Na noite do mesmo dia, quando o quartel já estava fechado, Raskólnikov, deitado na tarimba,
pensava nela [Sônia]. Nesse dia até lhe pareceu que todos os galés, antes seus inimigos, já o olhavam
de modo diferente. Ele mesmo começou a conversar com eles, e lhe respondiam de modo carinhoso.
Agora ele se lembrava disso com esforço, mas era assim que devia ser: acaso tudo não devia mudar
agora? (p. 559)

Por fim, o crime. O que pensa Raskólnikov sobre seu crime, agora que foi transformado?

Tudo, até o crime dele, até a condenação e o exílio, agora, no primeiro impulso, pareciam-lhe algum
fato externo, estranho, até como se não tivesse acontecido com ele. Aliás, nessa noite ele não
conseguia pensar de forma demorada e constante em nada, concentrar o pensamento em
nada; demais, agora ele não resolveria nada de modo consciente; apenas sentia. A dialética dera
lugar à vida, e na consciência devia elaborar-se algo inteiramente diferente. (Idem. Grifo meu.)

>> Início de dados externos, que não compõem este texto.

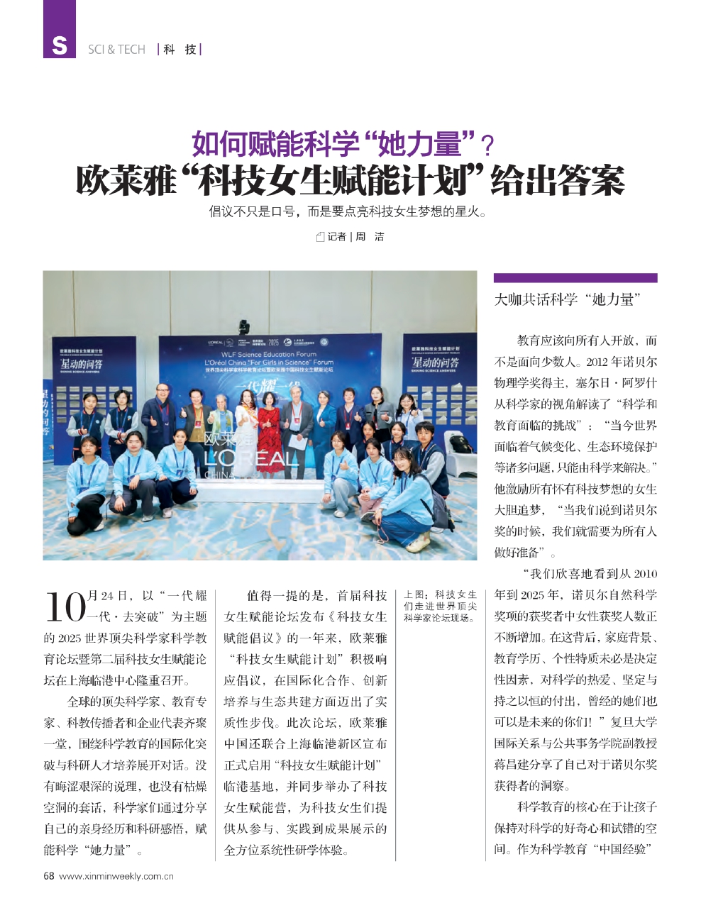 10月24日,以“一代耀一代·去突破”为主题的2025世界顶尖科学家科学教育论坛暨第二届科技女生赋能论坛在上海临港中心隆重召开。

Raskólnikov já não é o indivíduo cindido. Ele abandona o racionalismo – a racionalidade alijada da


vida, da experiência concreta. Uma vez que já entregou-se ao castigo e aceitou a cruz, está livre da
obsessão pelo crime que cometeu.

O romance não poderia terminar de modo mais significativo: Raskólnikov abre o Evangelho, de que
até então apenas escarnecera. Mas, pensando em Sônia, para quem aquele era o único livro sobre a
terra, ele pergunta-se: “Será que agora as convicções dela podem não ser também as minhas
convicções? Os seus sentimentos, as suas aspirações, ao menos…”(p. 561; última página do romance)
Lembremos que Sônia é o indivíduo que, diante da confissão de assassino de Raskólnikov, dissera-
lhe: “Vai agora, neste instante, pára em um cruzamento, inclina-te, beija a terra, que tu profanaste, e
depois faz uma reverência a todo este mundo, em todas as direções que quiseres, e diz a todos, em
voz alta: ‘Eu matei!’” (p. 428)

As convicções de Sônia agora são também as de Raskólnikov. Este é o livro que Dostoiévski escreveu,
a despeito do wishful thinking do tradutor Paulo Bezerra.